> [Problem requirements]
Copy out all lines in the material below that contain the string "help".

> [Data for the task]
****************

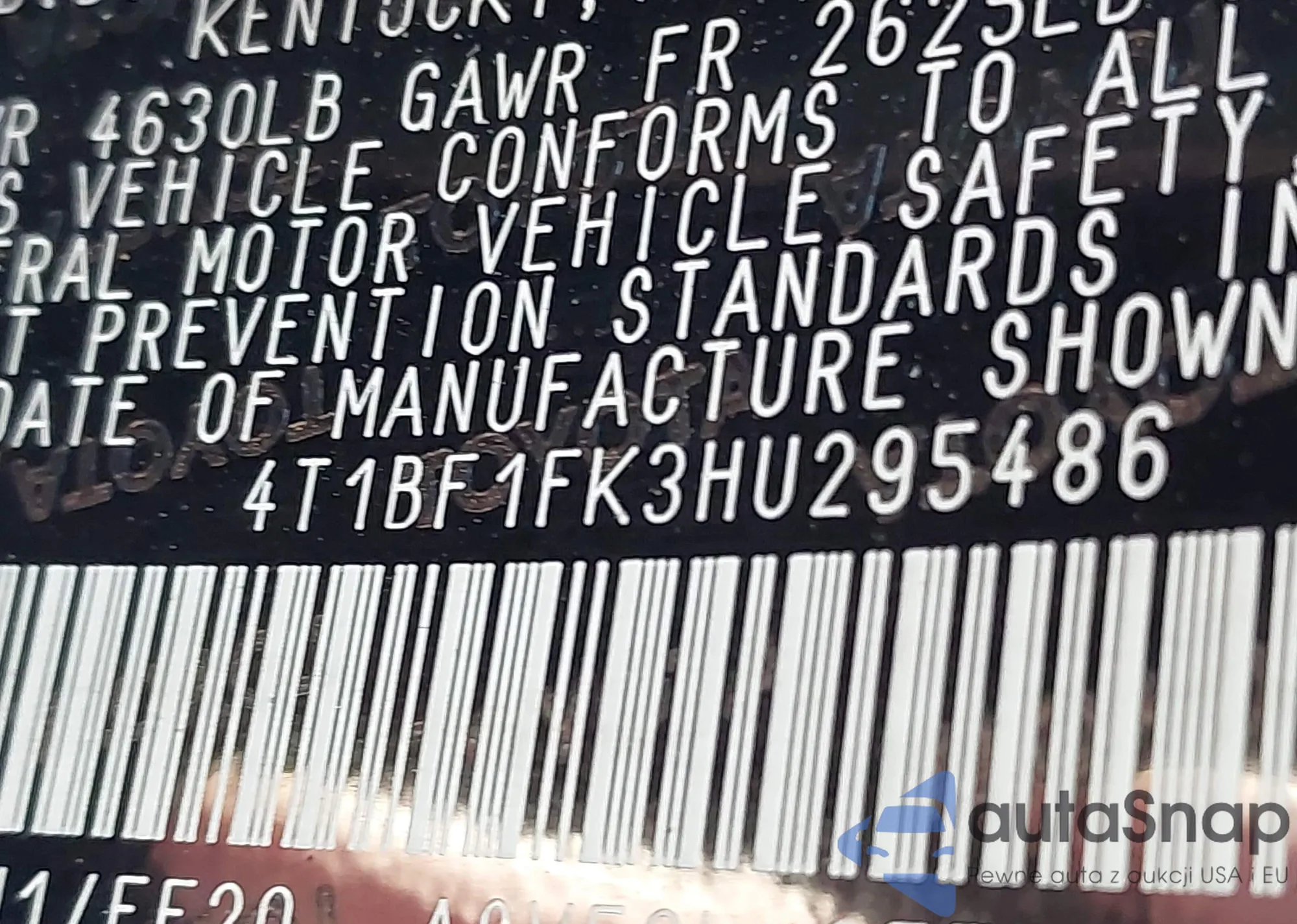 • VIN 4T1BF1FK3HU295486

****************

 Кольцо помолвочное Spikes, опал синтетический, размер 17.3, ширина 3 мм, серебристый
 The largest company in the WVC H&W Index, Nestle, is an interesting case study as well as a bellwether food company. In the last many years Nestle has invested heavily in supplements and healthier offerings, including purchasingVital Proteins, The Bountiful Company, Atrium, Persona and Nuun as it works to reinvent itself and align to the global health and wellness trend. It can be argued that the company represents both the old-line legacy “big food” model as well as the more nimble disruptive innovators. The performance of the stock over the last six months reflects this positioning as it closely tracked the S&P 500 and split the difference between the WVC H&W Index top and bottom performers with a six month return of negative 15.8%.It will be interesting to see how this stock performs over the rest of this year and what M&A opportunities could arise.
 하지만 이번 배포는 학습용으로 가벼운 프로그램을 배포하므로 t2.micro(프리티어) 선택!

****************

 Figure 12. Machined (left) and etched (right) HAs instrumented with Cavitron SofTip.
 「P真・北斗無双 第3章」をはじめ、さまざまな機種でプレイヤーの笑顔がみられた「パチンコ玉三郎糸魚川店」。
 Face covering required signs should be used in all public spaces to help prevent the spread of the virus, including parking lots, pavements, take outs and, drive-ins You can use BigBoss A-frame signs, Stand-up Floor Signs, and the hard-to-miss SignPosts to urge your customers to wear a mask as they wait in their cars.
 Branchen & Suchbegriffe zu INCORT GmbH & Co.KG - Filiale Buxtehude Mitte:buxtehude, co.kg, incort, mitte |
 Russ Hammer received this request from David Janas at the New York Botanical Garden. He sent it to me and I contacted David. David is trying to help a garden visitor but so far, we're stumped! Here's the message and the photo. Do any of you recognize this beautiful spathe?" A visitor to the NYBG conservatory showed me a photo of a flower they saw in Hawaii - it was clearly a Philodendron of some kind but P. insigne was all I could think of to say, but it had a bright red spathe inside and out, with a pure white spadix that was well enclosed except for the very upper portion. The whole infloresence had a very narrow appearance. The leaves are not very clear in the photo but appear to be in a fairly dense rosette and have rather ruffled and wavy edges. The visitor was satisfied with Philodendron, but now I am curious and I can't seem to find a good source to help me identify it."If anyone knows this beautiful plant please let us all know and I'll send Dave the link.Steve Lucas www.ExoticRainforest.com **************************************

****************

> [Problem solution]
 Face covering required signs should be used in all public spaces to help prevent the spread of the virus, including parking lots, pavements, take outs and, drive-ins You can use BigBoss A-frame signs, Stand-up Floor Signs, and the hard-to-miss SignPosts to urge your customers to wear a mask as they wait in their cars.
 Russ Hammer received this request from David Janas at the New York Botanical Garden. He sent it to me and I contacted David. David is trying to help a garden visitor but so far, we're stumped! Here's the message and the photo. Do any of you recognize this beautiful spathe?" A visitor to the NYBG conservatory showed me a photo of a flower they saw in Hawaii - it was clearly a Philodendron of some kind but P. insigne was all I could think of to say, but it had a bright red spathe inside and out, with a pure white spadix that was well enclosed except for the very upper portion. The whole infloresence had a very narrow appearance. The leaves are not very clear in the photo but appear to be in a fairly dense rosette and have rather ruffled and wavy edges. The visitor was satisfied with Philodendron, but now I am curious and I can't seem to find a good source to help me identify it."If anyone knows this beautiful plant please let us all know and I'll send Dave the link.Steve Lucas www.ExoticRainforest.com **************************************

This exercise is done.